Sunday, July 23, 2006

Political news of the week take 16

[After a short hiatus, this week's news from the middle east has motivated me to post another political news post. See also: political news of the week takes 15, 14, 13, 12, 11, 10, 9b, 9a, 8, 7, 6, 5, 4, 3, 2, and 1.]

Thousands flee as Iraq violence deepens:
Tens of thousands more Iraqis have fled their homes as sectarian violence looks ever more like civil war two months after a U.S.-backed national unity government was formed, official data showed on Thursday.
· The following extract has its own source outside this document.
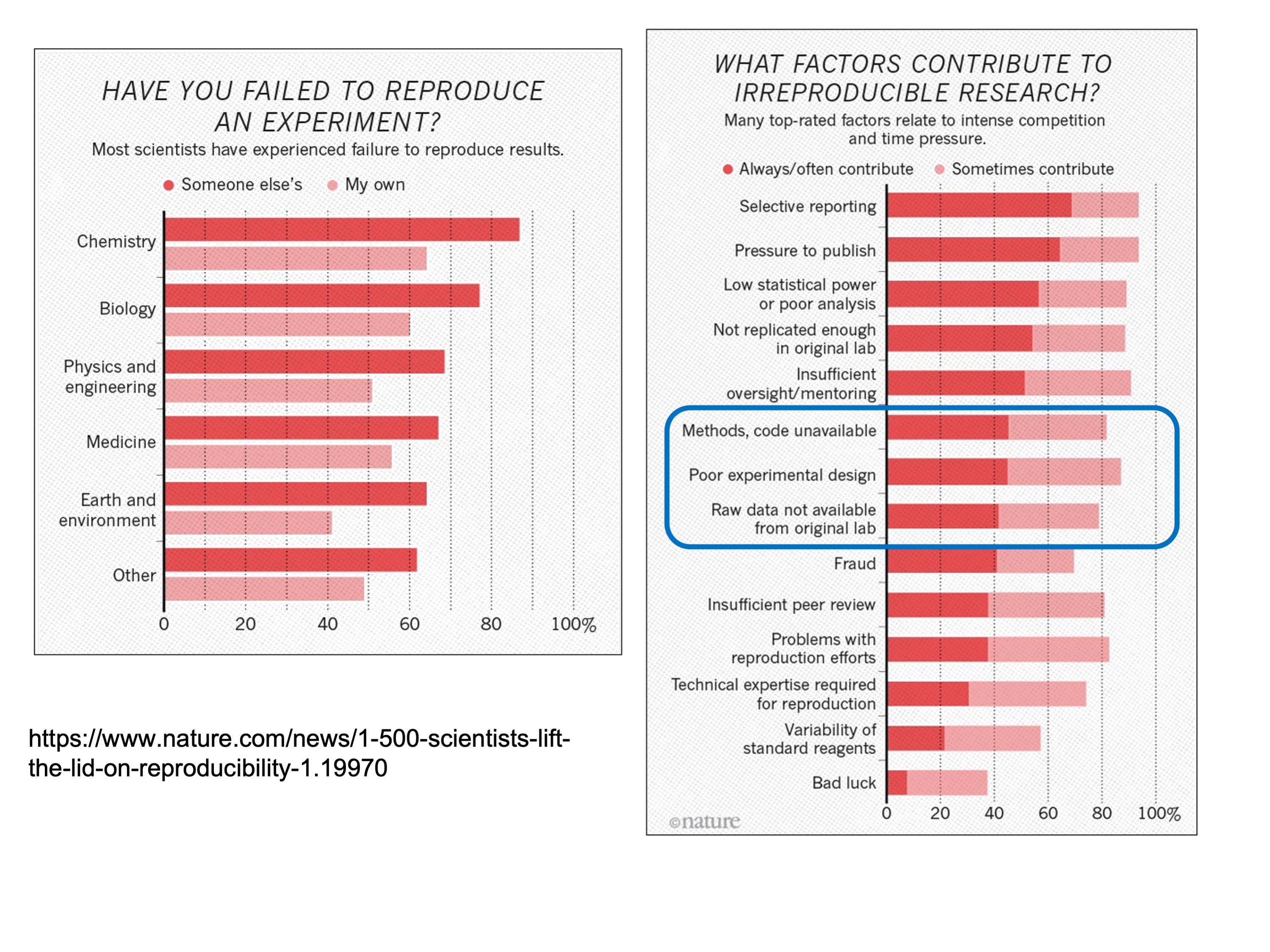I mentioned reproducibility, so let’s talk about that for a minute. Many of you are probably familiar with this Nature survey of over 1500 researchers which found that over 70% of respondents have failed to reproduce another scientist’s experiments and more than half have failed to reproduce their own. The highlighted section on right hand side shows that a number of survey respondents cited data management related issues as contributing to difficulties reproducing research such as unavailability of methods, code, and raw data.

Iraq's most powerful religious authority, Shi'ite Grand Ayatollah Ali al-Sistani, joined the United Nations and U.S. officials in raising the alarm that a spike in bloodshed and "campaigns of displacement" threaten Iraq's very future.

The U.S. military admitted violence in Baghdad was little changed by a month-long clampdown and the city morgue said it had seen 1,000 bodies so far in July, a slight increase on June.

A day after the United States issued a stern warning to both Shi'ite and minority Sunni leaders to match talk with action on reining in and reconciling "death squads" and "terrorists" from their respective communities, the Migration Ministry said more than 30,000 people had registered as refugees this month alone.

"We consider this to be a dangerous sign," ministry spokesman Sattar Nowruz told Reuters, acknowledging that many more people fled abroad or quietly sought refuge with relatives rather than sign up for official aid or move into state camps.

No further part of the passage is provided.